The following covariates were collected from the database: year of diagnosis, age at diagnosis, race, FIGO stage, grade, LNR and postoperative RT. Vital status, including cause of death and follow-up duration were recorded. The primary outcomes were CCSS and OS. LNR was calculated as the number of pathologically-positive lymph nodes divided by the total number of RLNs.

Statistical analysis

Statistical analyses were performed using SPSS version 21.0 (IBM Corporation, Armonk, NY, USA). The chi-square test was used to compare demographic and clinicopathological characteristics between patients grouped by categorical variables. The optimal cut-off point for the LNR was determined by ROC curve analysis. Survival rates were calculated using the Kaplan-Meier method and compared using the log-rank test. Univariate and multivariate Cox regression analyses were performed to identify prognostic factors. Factors deemed significant in univariate analysis were included in multivariate analysis; P < 0.05 was considered significant in all analyses.

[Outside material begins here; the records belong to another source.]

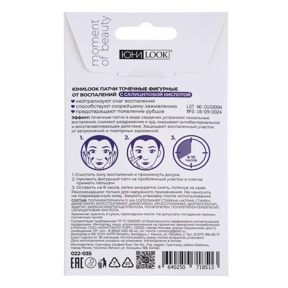 Патчи точечные фигурные от воспалений с салициловой кислотой ЮНИLOOK – это удобный формат средства для ухода за кожей лица. Точечное нанесение позволяет воздействовать только на проблемные зоны. Патчи эффективно нейтрализуют очаг воспаления, способствуют скорейшему заживлению и предотвращают появление рубцов. Специальные компоненты, входящие в состав средства, снимают раздражение и зуд, оказывают антибактериальное и восстанавливающее действие. 24 штуки в упаковке.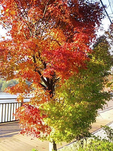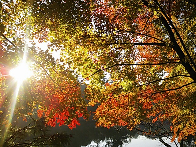 かなり大きな池のようだ。 まわりが遊歩道になってて散歩にちょうどいい。 水辺の風景もいいものだ。 そして紅葉もとてもきれいだった。 朝日と紅葉ってあんまり見ないからなー。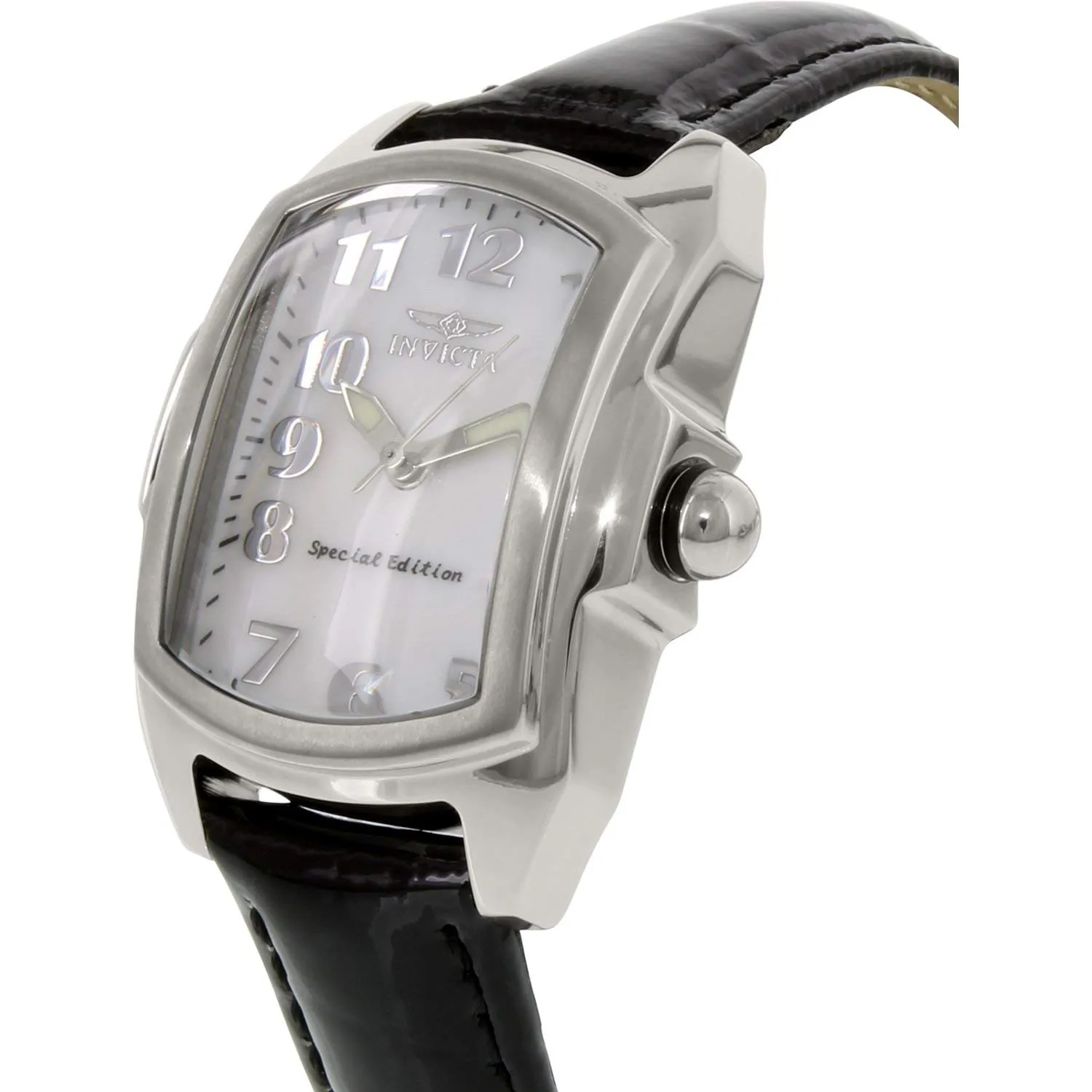 Con un brillo exquisito en tonos plateados, el juego de relojes intercambiables Baby Lupah de Invicta para mujeres llamará la atención con su esfera de nácar adornada y su bisel de acero inoxidable. Protegida por un cristal de fusión de llamas, la esfera de la esfera se complementa con elegancia con dos manos de espada de tono plateado y un atractivo conjunto de marcadores de hora en números arábigos. La esfera está bordeada con marcadores de minutos rayados. El reloj luce una banda de cuero gris pizarra oscuro con cierre de hebilla y viene con correas de cuero marrón oscuro, rosa, espuma de mar y blanco adicionales para personalizar. Resistente al agua hasta 330 pies (100 m), este reloj también cuenta con la confiabilidad del movimiento de cuarzo suizo. Para una presentación elegante, se incluye una exclusiva caja de regalo Invicta.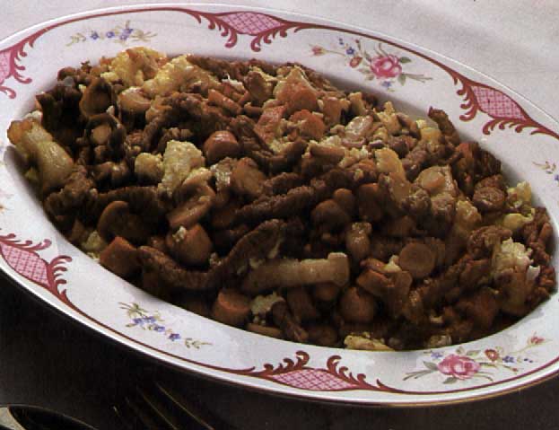 Corte a carne em cubos ou em tiras não muito finas e tempere com o alho, sumo de limão, sal e piripiri. Num tacho, leve ao lume óleo e manteiga, junte o bacon cortado em tiras, depois a carne e deixe fritar bem. Adicione em seguida as salsichascortadas às rodelas e os cogumelos previamente fervidos e também cortados, tempere com mostarda e misture bem. Numa tigela, mexa os ovos e leve-os ao lume a fritar, mexendo com um garfo para ficarem em farrapos. Misture-os com a carne, rectifique os temperos e sirva acompanhado de batata frita ou arroz branco.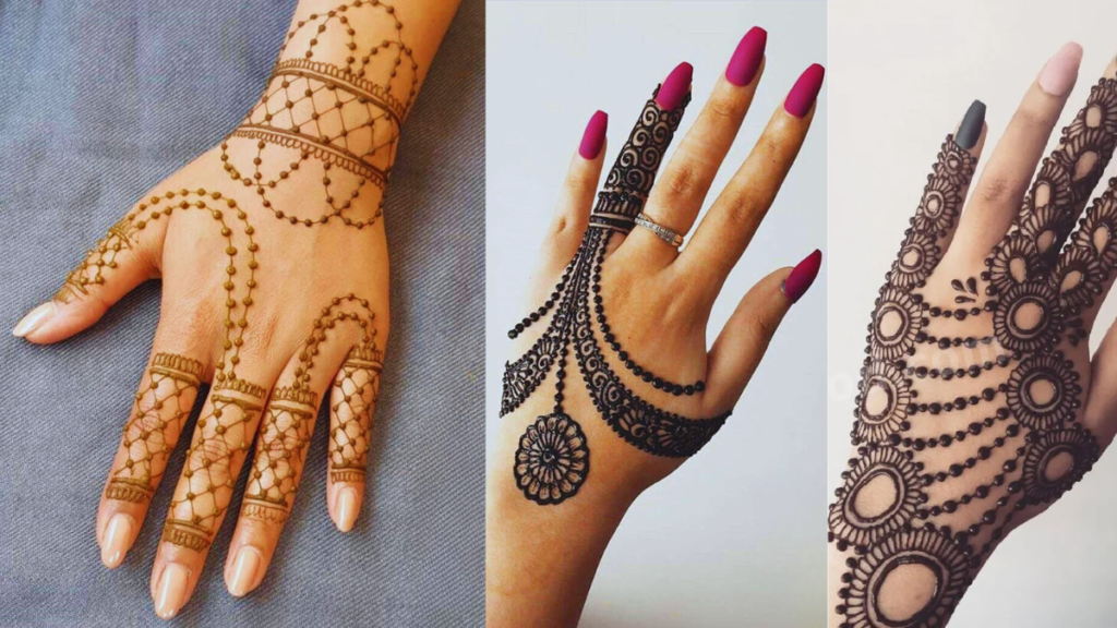 यह डिज़ाइन पारंपरिक और आधुनिक पैटर्न का सुंदर मिश्रण है, जिसे कोई भी आसानी से बना सकता है। सरल रेखाओं और फूलों के मोटिफ़ से यह आपके हाथों को खास अवसरों पर और भी आकर्षक बना देता है।

ACKNOWLEDGMENTS AND FUNDING

This work was supported by grants from the National Natural Science Foundation of China (No. 81571418), the Natural Science Foundation of Fujian Province (No. 2015J01550, 2013D001), and the Foundation for Young Scholar of Fujian Provincial Health Department (No. 2014-ZQN-ZD-31).

CONFLICTS OF INTEREST

No any actual or potential conflicts of interest exist.